-- Exercise directions --
Transcribe, starting at the line with "Intra απο ξύλο" and ending at the line with "- 俯卧撑于垫上,腰背挺直,从侧面看身体", every line of the material below exactly, but leave out the pictures and anything outside that span.

-- Information provided --

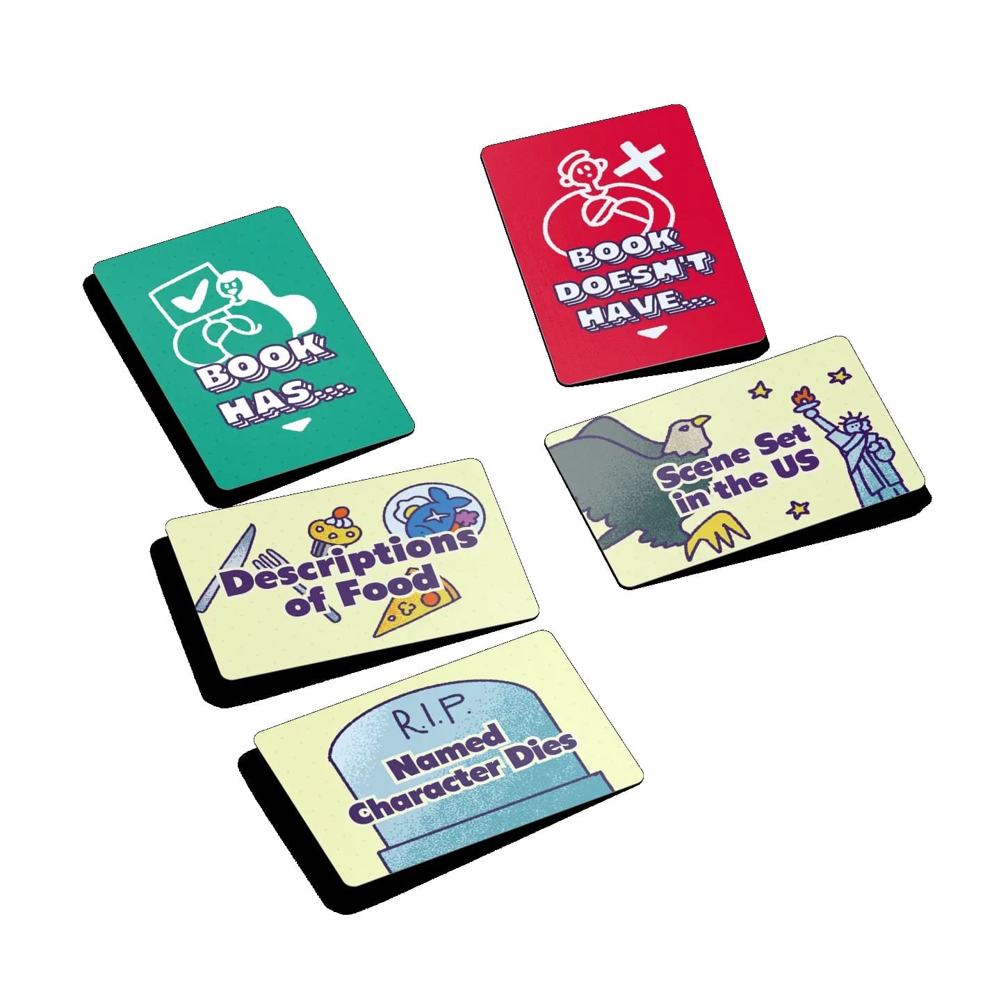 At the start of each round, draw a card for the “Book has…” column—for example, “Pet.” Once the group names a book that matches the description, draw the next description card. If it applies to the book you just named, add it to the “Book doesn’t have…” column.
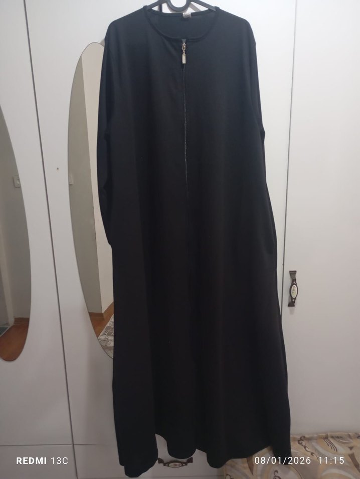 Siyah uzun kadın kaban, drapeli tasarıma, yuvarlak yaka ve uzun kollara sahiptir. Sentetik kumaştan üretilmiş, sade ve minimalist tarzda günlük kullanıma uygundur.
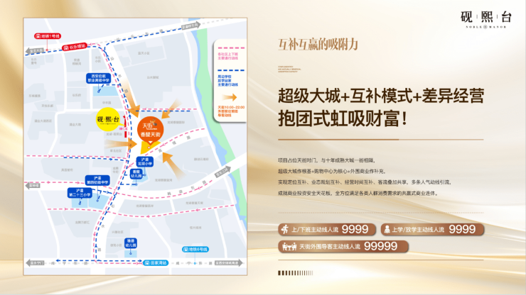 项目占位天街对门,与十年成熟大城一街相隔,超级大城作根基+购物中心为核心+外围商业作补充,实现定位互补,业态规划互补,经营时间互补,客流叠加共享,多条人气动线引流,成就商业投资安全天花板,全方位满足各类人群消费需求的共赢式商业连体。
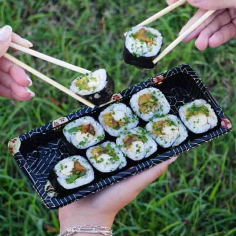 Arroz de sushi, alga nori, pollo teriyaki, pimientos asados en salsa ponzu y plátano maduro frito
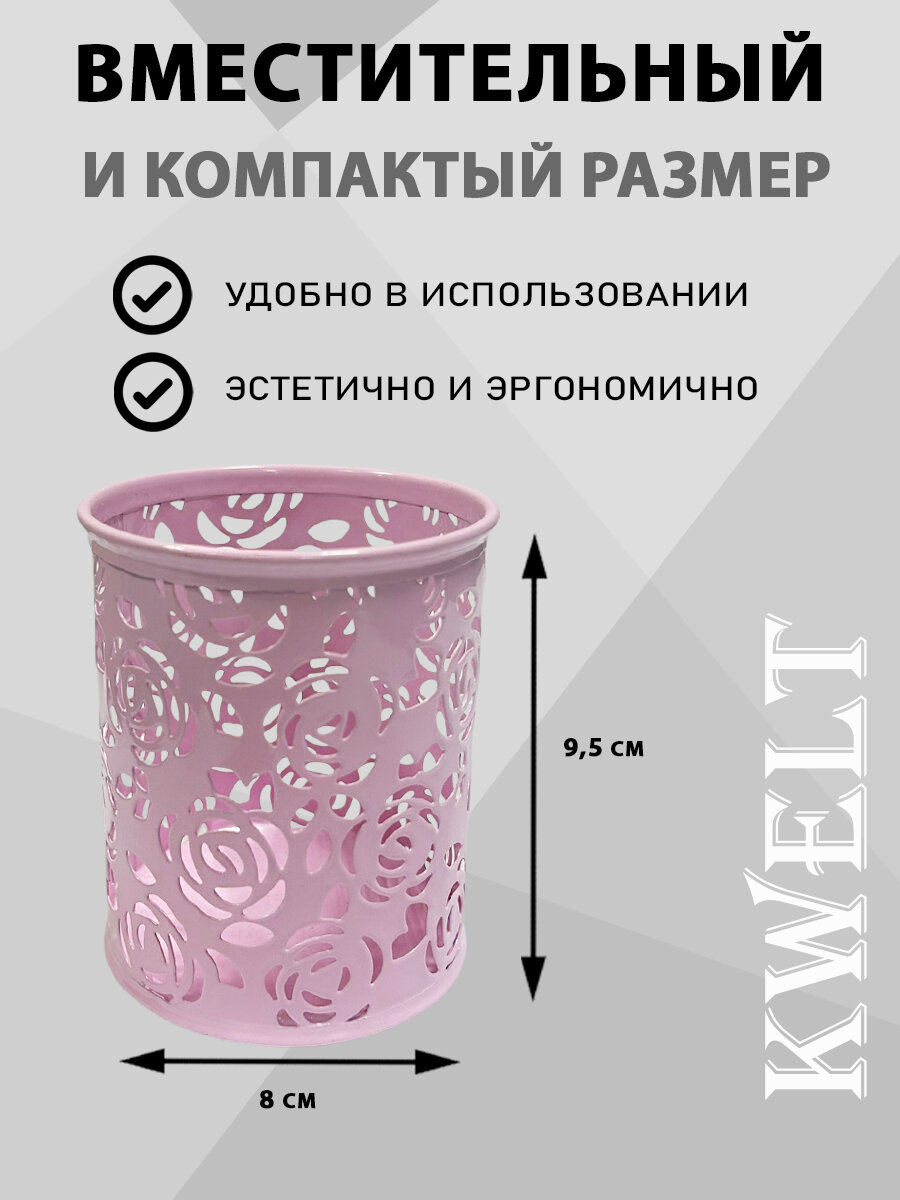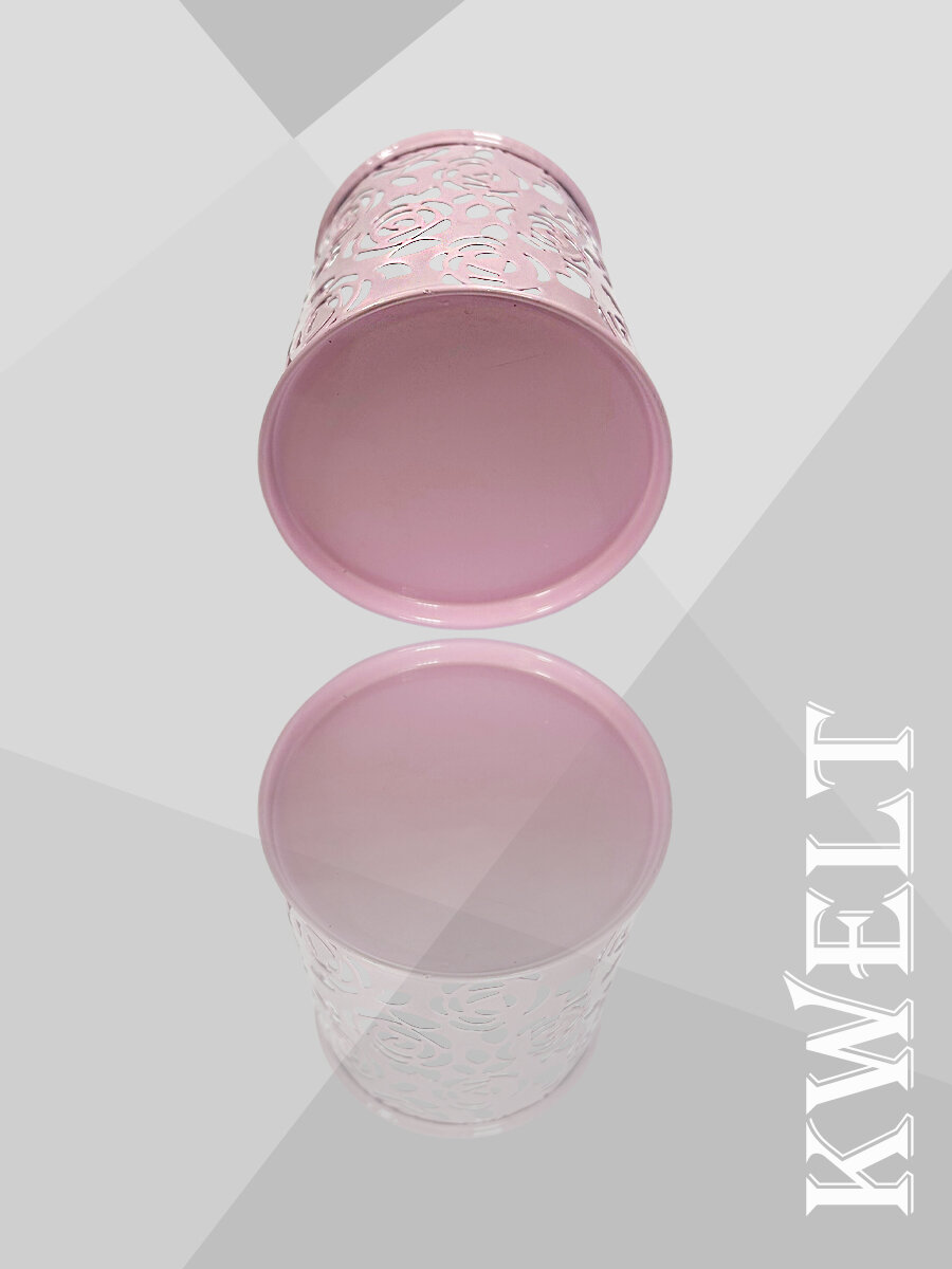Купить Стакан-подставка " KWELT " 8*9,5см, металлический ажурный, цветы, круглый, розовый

--

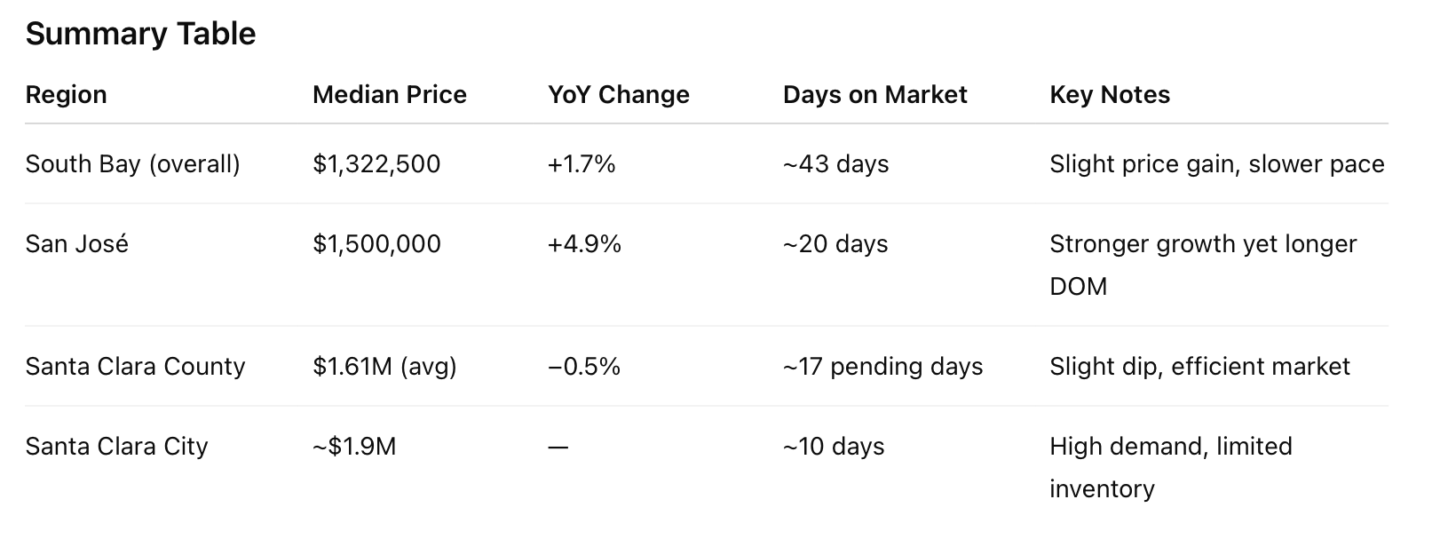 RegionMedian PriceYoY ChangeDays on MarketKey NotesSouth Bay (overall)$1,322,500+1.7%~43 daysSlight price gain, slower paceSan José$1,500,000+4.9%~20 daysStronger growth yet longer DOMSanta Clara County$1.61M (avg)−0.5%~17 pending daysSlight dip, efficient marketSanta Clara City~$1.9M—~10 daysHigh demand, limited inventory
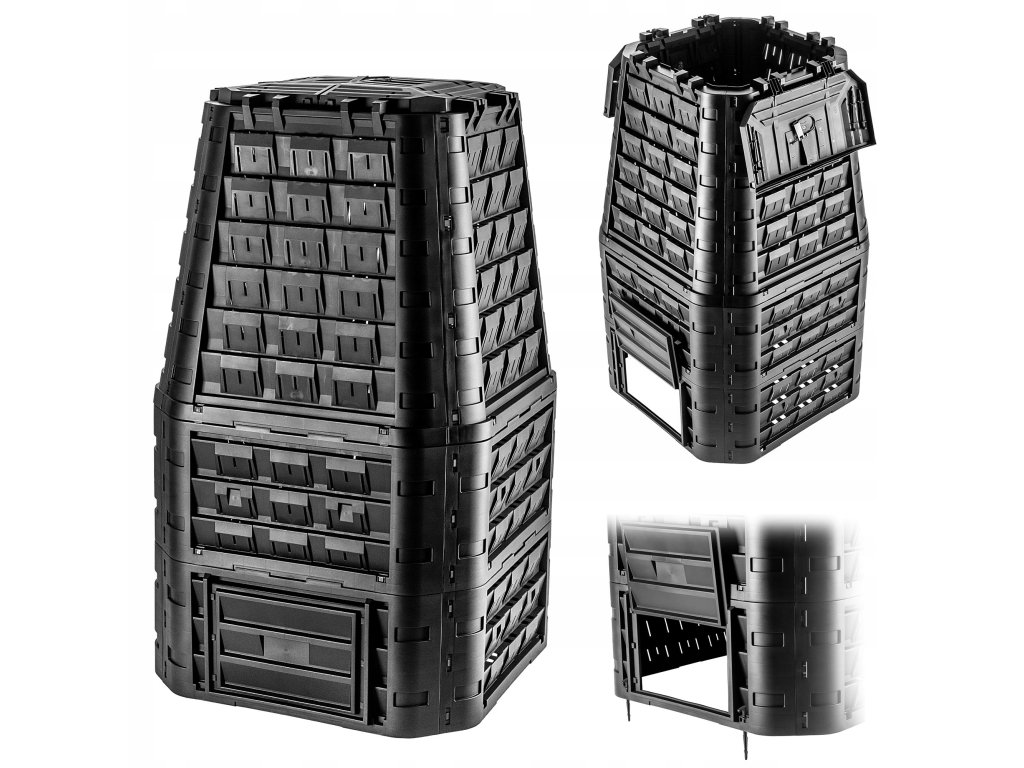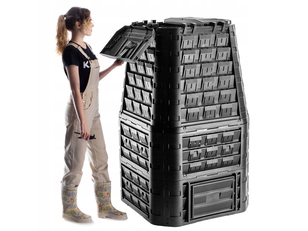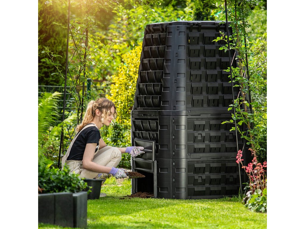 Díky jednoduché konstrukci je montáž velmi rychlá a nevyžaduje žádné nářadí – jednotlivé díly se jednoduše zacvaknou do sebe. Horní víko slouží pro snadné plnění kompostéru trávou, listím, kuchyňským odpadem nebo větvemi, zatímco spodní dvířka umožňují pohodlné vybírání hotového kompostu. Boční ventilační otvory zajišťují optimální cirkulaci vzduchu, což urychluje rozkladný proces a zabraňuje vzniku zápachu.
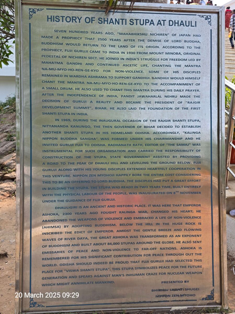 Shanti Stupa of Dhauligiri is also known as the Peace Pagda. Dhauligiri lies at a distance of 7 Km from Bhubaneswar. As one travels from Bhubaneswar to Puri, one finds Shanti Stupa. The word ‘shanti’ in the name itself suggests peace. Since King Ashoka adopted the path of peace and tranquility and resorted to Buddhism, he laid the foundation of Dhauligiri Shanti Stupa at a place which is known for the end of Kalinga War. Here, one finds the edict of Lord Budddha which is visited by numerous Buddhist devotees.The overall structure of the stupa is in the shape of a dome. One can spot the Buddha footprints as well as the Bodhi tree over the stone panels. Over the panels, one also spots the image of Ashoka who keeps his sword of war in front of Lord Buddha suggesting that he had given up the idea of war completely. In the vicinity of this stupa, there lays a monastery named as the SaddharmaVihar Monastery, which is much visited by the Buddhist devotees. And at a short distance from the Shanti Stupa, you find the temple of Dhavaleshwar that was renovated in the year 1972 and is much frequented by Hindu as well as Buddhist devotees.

--

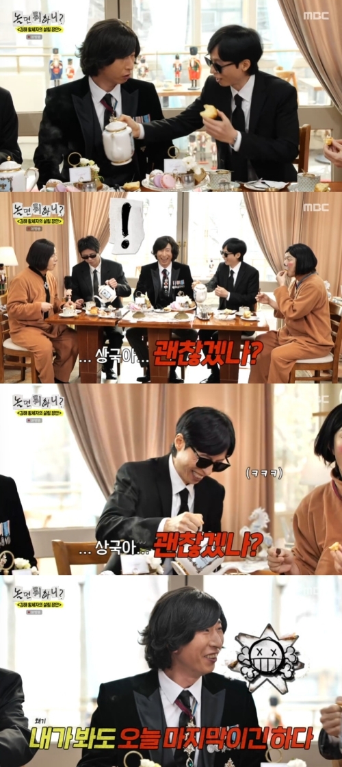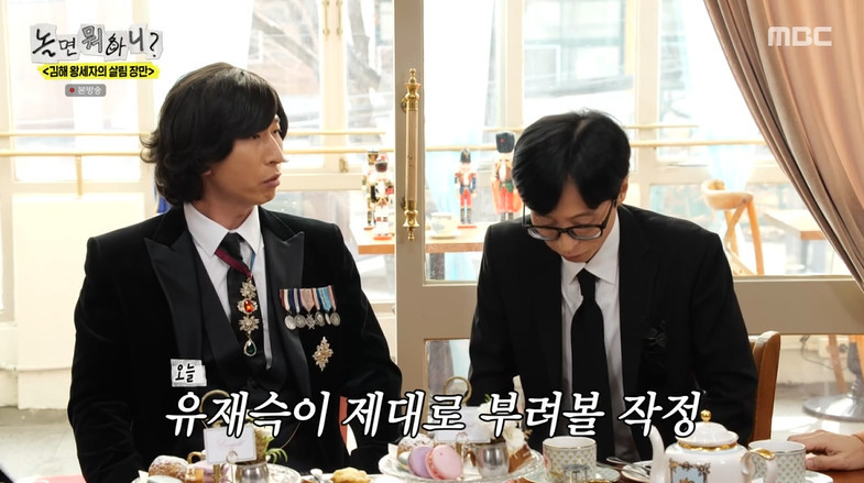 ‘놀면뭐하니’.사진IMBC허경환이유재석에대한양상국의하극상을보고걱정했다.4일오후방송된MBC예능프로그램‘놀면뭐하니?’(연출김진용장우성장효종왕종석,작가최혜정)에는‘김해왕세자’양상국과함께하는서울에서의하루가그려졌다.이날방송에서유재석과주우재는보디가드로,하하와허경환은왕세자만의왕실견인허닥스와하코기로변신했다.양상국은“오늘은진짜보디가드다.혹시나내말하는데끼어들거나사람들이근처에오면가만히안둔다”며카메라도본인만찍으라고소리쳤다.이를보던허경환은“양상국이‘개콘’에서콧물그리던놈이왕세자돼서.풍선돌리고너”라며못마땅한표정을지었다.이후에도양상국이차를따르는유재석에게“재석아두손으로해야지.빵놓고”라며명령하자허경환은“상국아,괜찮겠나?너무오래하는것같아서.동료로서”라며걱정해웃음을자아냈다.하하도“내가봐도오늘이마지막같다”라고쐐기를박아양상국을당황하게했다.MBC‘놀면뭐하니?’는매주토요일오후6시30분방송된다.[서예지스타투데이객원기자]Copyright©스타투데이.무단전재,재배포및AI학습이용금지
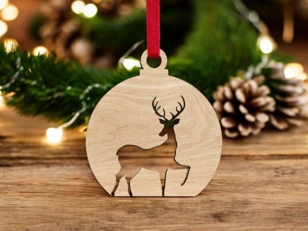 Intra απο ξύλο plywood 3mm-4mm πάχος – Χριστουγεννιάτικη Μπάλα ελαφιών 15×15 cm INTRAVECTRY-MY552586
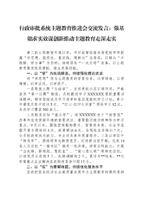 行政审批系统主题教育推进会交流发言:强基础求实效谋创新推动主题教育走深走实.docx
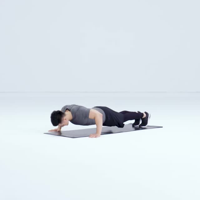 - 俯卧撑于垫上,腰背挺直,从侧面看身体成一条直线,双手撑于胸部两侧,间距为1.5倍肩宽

-- Answer to this problem --
 Intra απο ξύλο plywood 3mm-4mm πάχος – Χριστουγεννιάτικη Μπάλα ελαφιών 15×15 cm INTRAVECTRY-MY552586
 行政审批系统主题教育推进会交流发言:强基础求实效谋创新推动主题教育走深走实.docx
 - 俯卧撑于垫上,腰背挺直,从侧面看身体成一条直线,双手撑于胸部两侧,间距为1.5倍肩宽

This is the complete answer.